2010–2019
La razón de nuestra esperanza
Octubre 2014


La razón de nuestra esperanza

Un testimonio de la esperanza de la redención es algo que no se puede medir ni contar. Jesucristo es la fuente de esa esperanza.

Hace varios años, mi esposa y yo fuimos a la Universidad de Oxford para buscar registros de mi séptimo tatarabuelo. El Dr. Poppelwell, Director de Christ’s College en Oxford, tuvo la bondad de pedirle al archivista de la universidad que trajera los registros. Allí, en el año 1583, encontramos el nombre de mi antepasado, John Packer.

Al año siguiente regresamos a Oxford para hacer entrega de un juego de libros canónicos hermosamente encuadernado para la biblioteca de Christ’s College. Al Dr.
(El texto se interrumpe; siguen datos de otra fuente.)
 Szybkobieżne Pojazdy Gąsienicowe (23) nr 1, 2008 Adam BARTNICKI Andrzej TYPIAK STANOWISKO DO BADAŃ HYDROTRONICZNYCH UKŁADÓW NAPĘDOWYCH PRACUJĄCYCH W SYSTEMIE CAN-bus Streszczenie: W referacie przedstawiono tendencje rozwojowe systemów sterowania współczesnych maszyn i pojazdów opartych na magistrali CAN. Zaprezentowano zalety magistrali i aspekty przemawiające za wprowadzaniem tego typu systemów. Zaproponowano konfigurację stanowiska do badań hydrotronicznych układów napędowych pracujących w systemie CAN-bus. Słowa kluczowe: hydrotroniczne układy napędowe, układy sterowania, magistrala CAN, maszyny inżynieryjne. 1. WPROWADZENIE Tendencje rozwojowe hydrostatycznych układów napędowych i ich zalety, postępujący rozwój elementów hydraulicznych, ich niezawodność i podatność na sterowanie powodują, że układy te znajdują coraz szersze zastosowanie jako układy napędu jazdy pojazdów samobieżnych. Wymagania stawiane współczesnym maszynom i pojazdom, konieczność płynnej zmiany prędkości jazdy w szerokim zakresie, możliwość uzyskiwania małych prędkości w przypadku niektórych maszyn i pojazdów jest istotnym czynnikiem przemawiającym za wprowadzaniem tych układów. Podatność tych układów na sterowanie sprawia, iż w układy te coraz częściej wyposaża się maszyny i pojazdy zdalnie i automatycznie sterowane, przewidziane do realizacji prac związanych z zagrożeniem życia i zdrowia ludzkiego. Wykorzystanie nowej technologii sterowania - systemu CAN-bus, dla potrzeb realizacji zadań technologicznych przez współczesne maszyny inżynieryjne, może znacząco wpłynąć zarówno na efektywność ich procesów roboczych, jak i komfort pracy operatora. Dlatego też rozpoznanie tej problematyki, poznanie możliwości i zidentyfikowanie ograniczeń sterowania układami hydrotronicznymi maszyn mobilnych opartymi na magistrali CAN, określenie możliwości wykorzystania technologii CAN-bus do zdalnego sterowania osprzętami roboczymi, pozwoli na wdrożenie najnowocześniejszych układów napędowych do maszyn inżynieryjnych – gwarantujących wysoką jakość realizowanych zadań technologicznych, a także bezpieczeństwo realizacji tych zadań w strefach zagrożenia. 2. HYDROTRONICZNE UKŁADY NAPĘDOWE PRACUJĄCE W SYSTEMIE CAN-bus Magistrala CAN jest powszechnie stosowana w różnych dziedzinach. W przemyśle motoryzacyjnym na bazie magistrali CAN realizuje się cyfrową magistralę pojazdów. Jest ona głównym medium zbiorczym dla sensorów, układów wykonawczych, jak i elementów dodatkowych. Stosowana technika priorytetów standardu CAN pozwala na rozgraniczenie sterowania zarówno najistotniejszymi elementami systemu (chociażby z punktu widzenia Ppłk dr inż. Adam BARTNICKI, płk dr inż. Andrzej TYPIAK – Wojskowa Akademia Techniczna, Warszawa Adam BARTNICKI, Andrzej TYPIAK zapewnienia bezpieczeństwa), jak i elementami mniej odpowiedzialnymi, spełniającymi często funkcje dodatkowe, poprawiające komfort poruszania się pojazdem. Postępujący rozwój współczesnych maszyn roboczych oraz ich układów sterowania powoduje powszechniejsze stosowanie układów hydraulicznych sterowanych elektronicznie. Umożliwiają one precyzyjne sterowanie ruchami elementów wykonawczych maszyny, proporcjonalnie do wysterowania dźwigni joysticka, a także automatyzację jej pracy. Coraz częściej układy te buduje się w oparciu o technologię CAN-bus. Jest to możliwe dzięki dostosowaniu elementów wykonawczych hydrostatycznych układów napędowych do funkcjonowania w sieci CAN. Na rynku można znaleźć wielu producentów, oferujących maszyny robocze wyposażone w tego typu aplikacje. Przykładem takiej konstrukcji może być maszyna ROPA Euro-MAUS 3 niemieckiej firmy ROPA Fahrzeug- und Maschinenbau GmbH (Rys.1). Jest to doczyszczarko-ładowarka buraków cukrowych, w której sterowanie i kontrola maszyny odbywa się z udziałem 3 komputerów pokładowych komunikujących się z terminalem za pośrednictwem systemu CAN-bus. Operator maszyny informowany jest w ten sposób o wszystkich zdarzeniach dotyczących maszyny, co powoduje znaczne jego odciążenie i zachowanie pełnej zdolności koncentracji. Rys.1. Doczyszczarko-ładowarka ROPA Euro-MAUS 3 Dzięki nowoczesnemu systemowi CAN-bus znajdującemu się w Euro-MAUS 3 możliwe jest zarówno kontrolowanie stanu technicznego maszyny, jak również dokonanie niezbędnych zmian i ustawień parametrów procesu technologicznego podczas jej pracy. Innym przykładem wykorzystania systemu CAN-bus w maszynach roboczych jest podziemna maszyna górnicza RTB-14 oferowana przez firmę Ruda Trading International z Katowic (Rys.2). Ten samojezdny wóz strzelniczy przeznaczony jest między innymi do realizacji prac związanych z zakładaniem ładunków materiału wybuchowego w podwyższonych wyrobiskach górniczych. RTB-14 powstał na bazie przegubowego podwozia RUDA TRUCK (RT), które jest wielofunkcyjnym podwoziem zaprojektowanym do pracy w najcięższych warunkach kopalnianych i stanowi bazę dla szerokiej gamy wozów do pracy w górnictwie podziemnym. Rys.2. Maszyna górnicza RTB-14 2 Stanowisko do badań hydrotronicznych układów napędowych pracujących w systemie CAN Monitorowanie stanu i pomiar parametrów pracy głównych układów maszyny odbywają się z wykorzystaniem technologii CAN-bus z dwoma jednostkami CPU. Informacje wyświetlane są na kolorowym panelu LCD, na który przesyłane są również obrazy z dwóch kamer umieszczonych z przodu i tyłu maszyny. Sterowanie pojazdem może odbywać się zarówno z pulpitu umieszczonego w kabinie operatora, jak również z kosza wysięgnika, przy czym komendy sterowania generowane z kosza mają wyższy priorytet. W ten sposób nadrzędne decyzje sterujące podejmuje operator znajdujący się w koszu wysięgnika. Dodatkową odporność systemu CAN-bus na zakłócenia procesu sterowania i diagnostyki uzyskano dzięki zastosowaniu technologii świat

Poppelwell le pareció un poco inusual; tal vez pensó que no éramos realmente cristianos, así que le pidió al capellán universitario que recibiera los libros.

Antes de entregarle las Escrituras, abrí la Guía temática [en inglés] y le mostré uno de los temas: 18 páginas, en letra pequeña, a espacio sencillo, con referencias para el tema de “Jesucristo”. Es una de las recopilaciones más completas de referencias de las Escrituras sobre el tema del Salvador que jamás se ha compendiado en la historia del mundo: un testimonio del Antiguo y el Nuevo Testamento, del Libro de Mormón, Doctrina y Convenios y la Perla de Gran Precio.
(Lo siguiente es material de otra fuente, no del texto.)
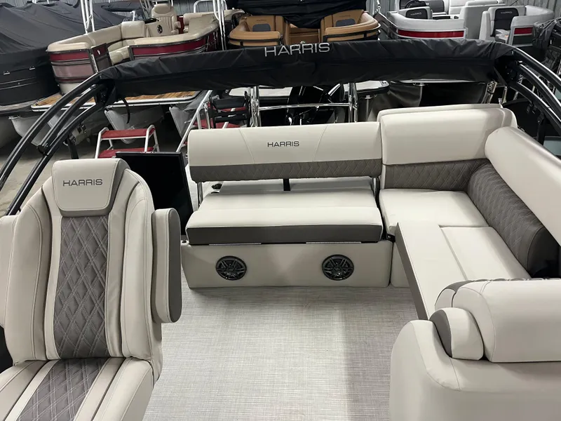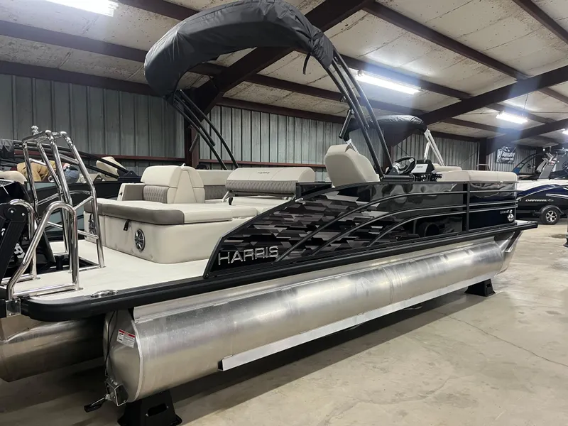 Find the perfect mix of luxury, performance, and value in this 2025 Harris Sunliner 230 Tritoon. This boat is packed with everything you need for your trip on the water. This boat is powered by a 175 Mercury outboard with digital throttle controls. The boat also has a powered bimini top, Simrad flush-mount dash unit, full-length lifting strakes, and the rear swinging lounge seat.

“No importa cómo siga estas referencias”, le dije, “de lado a lado, hacia arriba o hacia abajo, de libro a libro, tema tras tema, encontrará que son un testimonio constante y armonioso de la divinidad de la misión del Señor Jesucristo, Su nacimiento, Su vida, Sus enseñanzas, Su crucifixión, Su resurrección y Su expiación”.

Después de que compartí con el capellán algunas de las enseñanzas del Salvador, el ambiente cambió y él nos dio un recorrido por las instalaciones, incluso de una excavación reciente que revelaba murales de la época de los romanos.

Entre las referencias en la lista de la Guía temática se encuentra ésta del Libro de Mormón: Otro Testamento de Jesucristo: “…predicamos de Cristo, profetizamos de Cristo y escribimos según nuestras profecías, para que nuestros hijos sepan a qué fuente han de acudir para la remisión de sus pecados” (2 Nefi 25:26).

En Sus propias palabras, el Salvador declaró: “…Yo soy el camino, y la verdad y la vida; nadie viene al Padre sino por mí” (Juan 14:6).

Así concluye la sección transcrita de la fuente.